I was hoping we could discuss various charter companies and the brokers that all of us sailors book with and how did the charters go now we are home? How was the service, quality of the boat and pricing. What about the destinations you have chartered will you go back or explore new places next time. I'll be first


----------



## NVCATS (Oct 20, 2012)

I lived in the BVI for 25 years sailing around on a big catamarans and always kinda looked at bareboaters as weekend Warrior's. There were very few catamarans around so being young at the time and having a real fast 60 ft cat we would find fun sailing up and down the Sir Francis Drake channel hunting bareboaters and their monohulls to just go flying by them, always waving of course. Well things change and one day you wake up and make a huge mistake... you sell your boat. 
I miss my Shadowfax but there is hope new life means new turns, My girlfriend decided she wanted to try sailing after hearing some stories and we began the search. I found my way to Latesail and the pricing was right there in your face. I found it a great way to find a good deal and so not being worried so much about the boat other than being a roomy cat. We ended up with VPM in St Martin, which turned out to be a great company and the base team was very nice. We took Lavezzi 42 for 2 weeks, there was no way I was going to spend all that money and time getting there to spend only a week, price wasn't that much more for 2 weeks than one so was not hard to see the light. We sailed from St Martin to Tintamar then on to La Fortune, St Barts and spend a few days around St Barts. Having Night sailing permission we then headed to St Kitts for a over night sail and continued direct on to Nevis where we spent the night and day. Sailing behind St kitts was nice as the wind calmed and the newbies could sleep as we drifted along. There was a tall ship anchored out, she was all light up as we sailed south into the channel between the islands. Nevis was as I remember and I actually made the custom guy laugh...took a while but he did finally laugh. Got pictures taken with the police at the station as we did the final clear in and headed out for a cab ride around Nevis... very cool. Next morning we headed to Barbuda... The only Island I had never been to. We fished on the way across caught a Mackerel and anchored before sunset. Wow Barbuda is amazing 17 miles of Pristine and undeveloped beach. We got cleared , which was not a easy task they were all nice but it was a journey in itself. The swell was up a little so we headed to the north reef and found our way all the way in, thanks to a very accurate Chris Doyle Guide book. We spent a few days there snorkeling... just amazing. Early in the morning we headed into another over night sail to Anguilla. Then back to St Martin where we spent a few days in Grand Case. Clearing in on the French side is a pain if you arrive midday when there on vacation for lunch, I mean really. 

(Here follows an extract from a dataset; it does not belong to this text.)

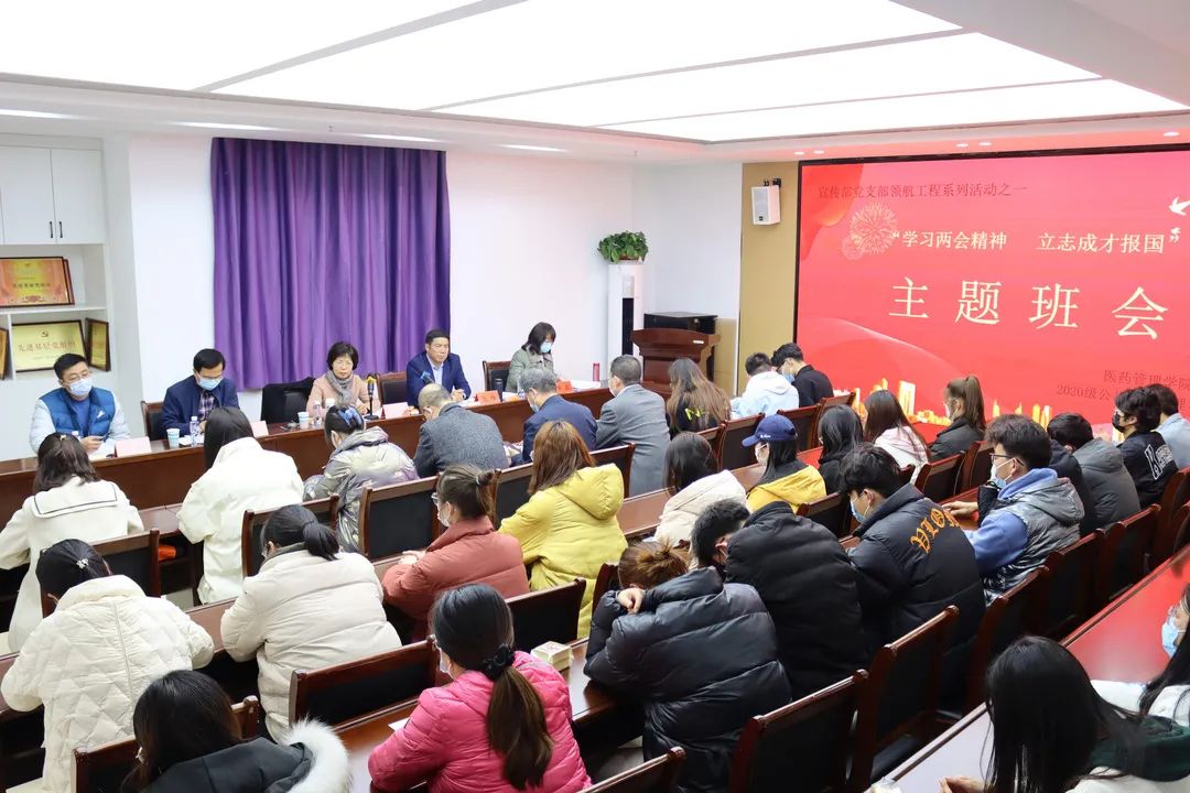 3月17日,校(院)党委副书记吕晓黎与所在宣传部党支部成员深入医药管理学院2020级公共事业管理本科1班,开展“领航工程”系列活动之“学习两会精神,立志成才报国”主题班会。吕晓黎作了题为《传承山一大精神,做新时代山一大的奋斗者》的报告,介绍了校(院)“领航工程”,从机遇和使命、开创和新局、历史和传承、做新时代山一大奋斗者等方面,介绍了校(院)基本情况、发展历程、重要进展,讲述了山一大历史上的代表性的功勋人物及其所蕴含的自强不息的精神追求和拚搏奉献的优秀品质,希望同学们自觉传承一代代山一大人共有的精神品质,初心不变,接续前行。结合习近平总书记给青年学生提出的“立大志、明大德、成大才、担大任”的要求 ,结合自身的阅历,对如何领悟要义、怎样贯彻到学习生活乃至今后人生的实践中,做了深入浅出的解读,寄语和勉励同学们立鸿鹄志、做奋斗者,努力成为祖国建设的栋梁之材,引起同学们的强烈共鸣。支部书记讲述了全国“两会”概况特别是校(院)“两会”代表在参会期间的提案亮点。同学们结合自身所学公共事业管理专业,围绕两会报告中所关注的高等教育发展、学科建设、学分制改革、困难大学生助学贷款、大学生职业生涯规划等问题作了交流发言;师生就公共卫生管理方向的学业深造和实践锻炼进行了互动交流。

Cost of charter 2 weeks $4200
Insurance $450
Lavezzi 42 rating is a 8 out of 10 
Nice boat clean, cozy, sailed like 2 monohulls tied together mind you but I'm spoiled with a Spronk Cat
VPM Great company, nice people, Quick Vessel check out and in
Latesail good broker and website.
provisioning $2000
Fuel $80
water $6
Booze $500 go figure
customs $100
Taxi airport $150 6 pax
Airfare $1000 each to SXM



We booked direct next year with VPM and got the same boat in Martinique for 21 days and had a great time sailing north. I share that in another post


----------



## chrondi (Mar 24, 2004)

I remember VPM being a very efficient and cost-effective company, present in the Caribbean and elsewhere ten years back. I'm particularly glad to see that their performance is equally good today ...


----------



## NVCATS (Oct 20, 2012)

chrondi said:


> I remember VPM being a very efficient and cost-effective company, present in the Caribbean and elsewhere ten years back. I'm particularly glad to see that their performance is equally good today ...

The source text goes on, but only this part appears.